Window Dressing

Retailers used to rely on window dressing to lure customers into their stores.

Retailers used to rely on window dressing to lure customers into their stores.

When I was small, Lisbon Street in Lewiston was a retail shopper’s paradise. Driving through downtown Lewiston today reveals a shabbiness and lack of any retail options I’m interested in. There are a handful of eateries, but mostly storefronts with dirty windows.

Maine’s major cities all had functional downtowns; Augusta, Portland, Bangor, Waterville, Biddeford. Most are now a shell of their former glory. Retail has all moved out to the mall, or big-box complexes that ring Maine’s population centers.

I was fascinated by the large display windows that many of these shops had. Downtown Lewiston’s department stores like Peck’s, or Woolworth’s, all had large windows bordering the sidewalk, and shoppers would peer in through the glass (usually cleaned daily) at the various displays. Peck’s is now a call center, and Woolworth’s is but a memory. Long gone are Ward Brothers, Kresge’s, and Spark’s Department store.

Postcard of Main Street in Lewiston, circa 1940s.

Postcard of Main Street in Lewiston, circa 1940s.

These windows were designed and oriented with mannequins and other displays with the intent purpose of drawing you into their establishment. Putting a window display together featuring merchandise was called “window dressing.”

Window dressing is now a figure of speech, usually meant in terms of making a more favorable expression. It’s also a term that might tilt towards shady practices and fudging numbers. Like the following definition from Investopedia:

A strategy used by mutual fund and portfolio managers near the year or quarter end to improve the appearance of the portfolio/fund performance before presenting it to clients or shareholders. To window dress, the fund manager will sell stocks with large losses and purchase high flying stocks near the end of the quarter. These securities are then reported as part of the fund’s holdings.

So much of what frames success and life in these United States is filled with the latter. Some might refer to it as “smoke and mirrors.” The perpetrators of this false window dressing are “empty suits.” They usually occupy positions of power and prestige. 

It’s a practice that’s built on deception and hucksterism and the hustling keeps on keeping on.

3 thoughts on “Window Dressing

  1. Sigh…a topic that is near and dear to my heart and yet I have to go off to my “hustling.” Do I begin my comments at the existential level or the “window dressing” level? It’s very “American” to jump to conclusions and solutions, so I’ll avoid that and just stew in the topic a little. Eloquent and provocative post.

  2. In my distant childhood memories, I remember an early December trip down Lisbon Street in Lewiston, cars parked diagonally, new snow, and lights, lights lights! But it’s only a few years from this ancient memory to the Zayre’s mall, and its rival, the Bradlee’s mall, and their acres upon acres of parking. And only a decade, really, to the Auburn Mall (ooh, ahh!), and remember how the Maine Mall in Portland was trumpeted as the be-all, end-all. Now all that farmland in Auburn is paved under for a half-dozen big boxes, and is anyone’s life any better for it?

    How easily that stretch of lower Main Street could have been turned into something graceful and lovely, flowing down to the river, even with cars. Lisbon Street, meanwhile, just gets scarier and scarier.

    The photo is lovely, I should go to Shorpy and see whether that was Macy’s or somesuch, but at the same time, it’s deceptive. Life was better when we only consumed dark wood interiors, gramophones, multi-band radios, the right lamps and wall hangings. It’s still the gospel of consumerism, just a quaint version.

    • There are those in Lewiston that subscribe to a vision that’s not all big-box and sprawl-y. Eric Agren opened Fuel on Lisbon Street, and also Marché across the street. He and his wife have moved downtown, as have a number of others. I find the efforts with Museum L/A, and the Franco-American Heritage Center promising. However, there are still too many that drive in for work, and drive out, and don’t care at all about downtown. And then, there’s the “development mafia” element that came up a post or two ago.

      This is probably similar in many of the other communities I ticked off.

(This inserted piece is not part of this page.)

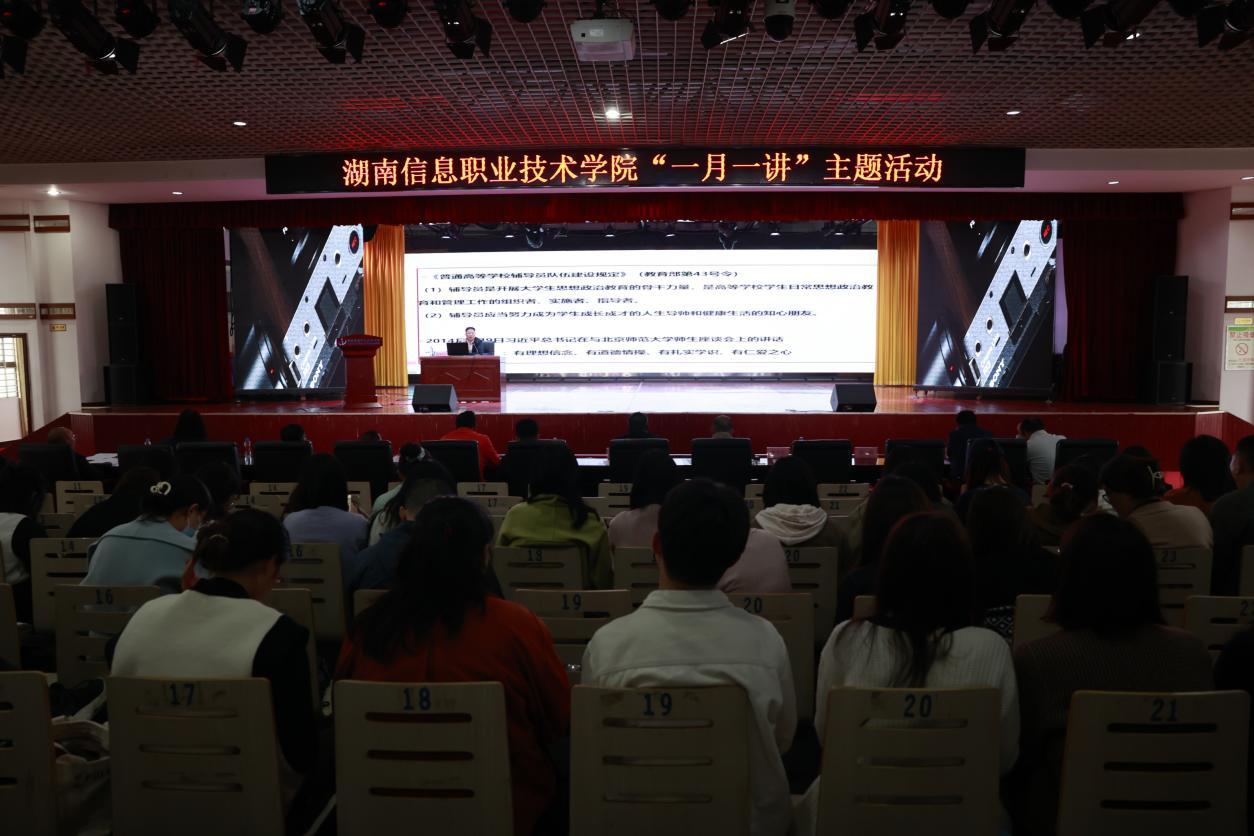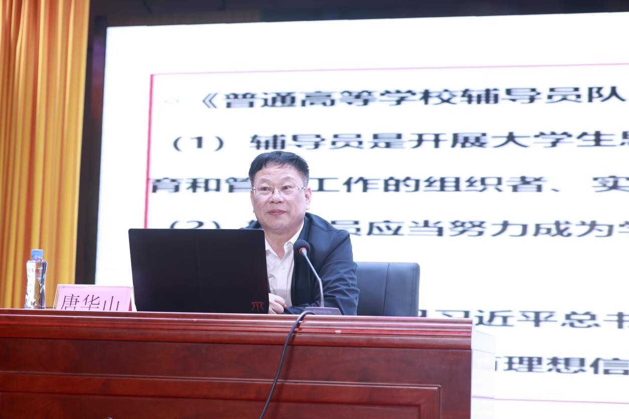 为进一步加强辅导员队伍建设,促进辅导员素质能力提升,推动学院学生工作高质量发展,近日,best365官网举行“一月一讲”活动。党委副书记苏基协出席,湖南科技学院思想政治工作研究所所长唐华山应邀作专题讲座,best365官网学生工作处、院团委等相关人员,各二级学院党总支书记、副书记,学工组长、团总支书记及全体辅导员近100人参加。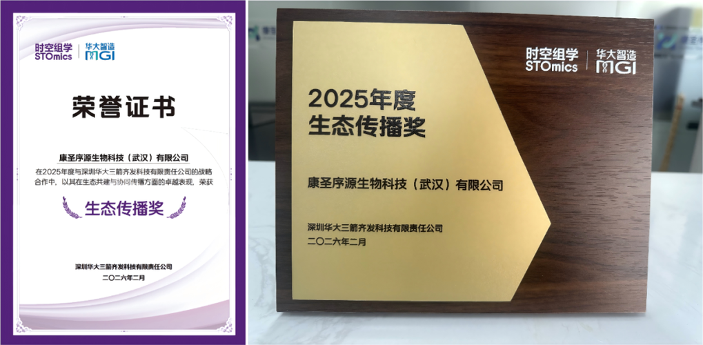 近日,在时空组学领域年度生态伙伴评选中,康圣序源生物科技(武汉)有限公司(以下简称“康圣序源”)凭借在基因多组学的技术推广、科研服务创新及行业生态建设中的突出贡献,荣获2025年度"生态传播奖"! 这一荣誉不仅是对康圣序源专业技术能力的高度认可,更是对其在推动时空组学技术普及、构建行业良性生态方面所做努力的肯定。作为华中地区规模最大的多组学服务中心之一,康圣序源正以硬核实力和创新生态,引领基因多组...

      I’m not sure we can ever completely divorce ourselves from consumerism. It’s in our DNA (and possibly the water). I guess I’d opt for a solution that considered production in terms of matching output with real need. Products that are produced should be made as durable as possible, and we should always take into consideration the cost to society of the production. Finally, we need to be aware of the costs of production and the irreversible harm it causes to the planet. Planned obsolescence isn’t a great way to build sustainable communities.

      I think local means of production might work, but what would that look like? Are we even capable of making things anymore? We are so wedded to trucking everything from such great distances that I think it makes our brains hurt to think alternatively about how we obtain our goods and what our means of production might look like in an alternative landscape, especially one quite local.

      I’ll keep it simple and think about it in terms of food. Local production is happening and it’s growing. That’s a start.